The two slits will become sources of radiation that are in phase with
one another, and the radiation from both slits will interfere creating
an interference pattern on the screen.

http://en.wikipedia.org/wiki/Double_slit

Now, HOW you observe the experiment will determine what sort of
interference pattern occurs! This happens even if you decide how to
observe the experiment AFTER a photograph is taken of the interference
pattern.

Choose to observe a variable in the experiment after a photograph
showing the result of the experiment and you will always see the
photograph a certain way. Chose to observe another variable and the
photograph will always be seen a different way. Even after the
experiment is over.

This is called a delayed choice experiment

http://en.wikipedia.org/wiki/Wheeler%27s_delayed_choice_experiment

This apparatus can also be used to create a quantum eraser

http://en.wikipedia.org/wiki/Quantum_eraser_experiment

Now, my question is, can a variation of this process be used for
instantaneous interstellar signalling?

Imagine that two microwave sources send microwave signals through an
interference device and also send entangled microwave signals across
an interstellar distance after polarizing one of the sources.

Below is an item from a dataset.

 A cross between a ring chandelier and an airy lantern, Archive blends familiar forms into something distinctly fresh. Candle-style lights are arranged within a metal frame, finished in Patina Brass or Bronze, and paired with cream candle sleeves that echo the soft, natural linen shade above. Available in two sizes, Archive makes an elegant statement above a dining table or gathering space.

A party recieving the signal can decide to measure the polarization or
not,changing the result of the observed interference pattern of the
entangled microwaves at the point they are interfered - even though
the later observation took place years or decades later. In some
sense, by choosing what parameter to measure, the receiving party can
change the result the sending party sees AT THE TIME THE MICROWAVES
WERE SENT. The sending party can reply to the receiving party by
placing another microwave signal in the beam and switching it on and
off. Thus instantaneous interstellar communications are achieved.

Also, if the receiving party sends a similar signal back to the
sending party, the sending party can send signals back in time to
itself. And by sending signals back to the receiving party, the
receiving party too, can send signals back to itself in time.

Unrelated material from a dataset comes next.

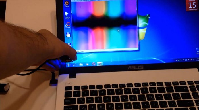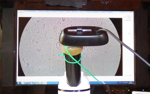 Невысокий светодиодный фонарик приспосабливаем под осветитель смотрового стекла. Он должен свободно влезать под смотровую панель микроскопа. Подключаем камеру к компьютеру, и через некоторое время изображение появится на экране монитора.

It's also a pretty compelling argument for the whole thing being misconceived.

I think it reflects a misunderstanding of what entanglement involves. QM predicts that *if* the two observers of a pair of entangled photons measure the polarisation at the same angle, they will get the same result. It also predicts what level of correlation will be found if they choose to measure the polarisation at different angles.

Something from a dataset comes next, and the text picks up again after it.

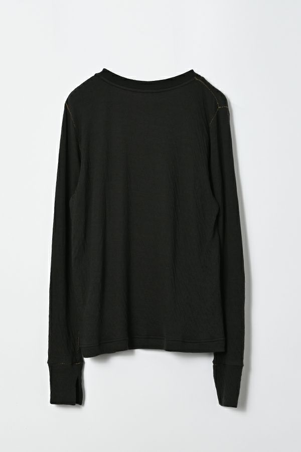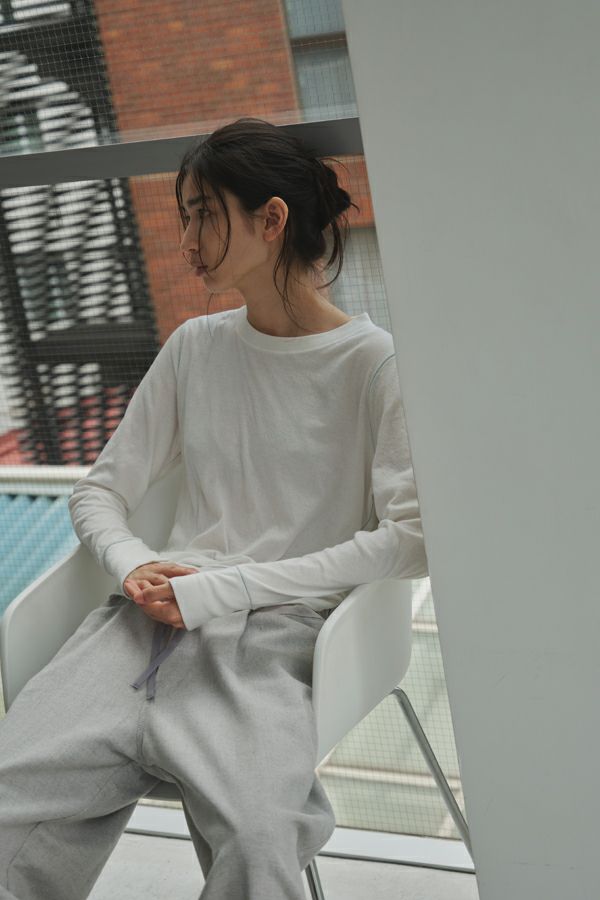 ラフに、かっこよく。心地よさを纏えるロンTEE。 肌にまとわりつかない ゆったりとしたサイジングに、ミニマルなデザイン。独特なハシゴステッチや配色ステッチが、シンプルな中に程よい主張を添え、1枚着でもレイヤードでも存在感を発揮します。 袖口には長めのカフスを配し、内側に入れたスリットがさりげなく動きを演出。メンズライクな雰囲気を漂わせながらも、女性らしいエッセンスを忍ばせた1枚。 素材は、空気を含んだ綿100%のダブルフェイス。2枚仕立ての程よい厚みと伸縮性が、身体をふわりと包み込み、気取らず過ごしたい日にも、自然と手が伸びる心地よさを叶えます。 ●日本製

In no sense does it imply that measuring one of the entangled photons has any effect whatsoever on the other one.

It's undoubtedly a strange result, but it does not involve transmission of information. For one thing, if the measurements are separated by a spacelike interval, the order of the measurements is not well defined - you wouldn't be able to say whether the information was transmitted from measurement A to measurement B, or vice versa.

See http://en.wikipedia.org/wiki/EPR_paradox

and

http://en.wikipedia.org/wiki/Bell%27s_theorem

Sylvia.
.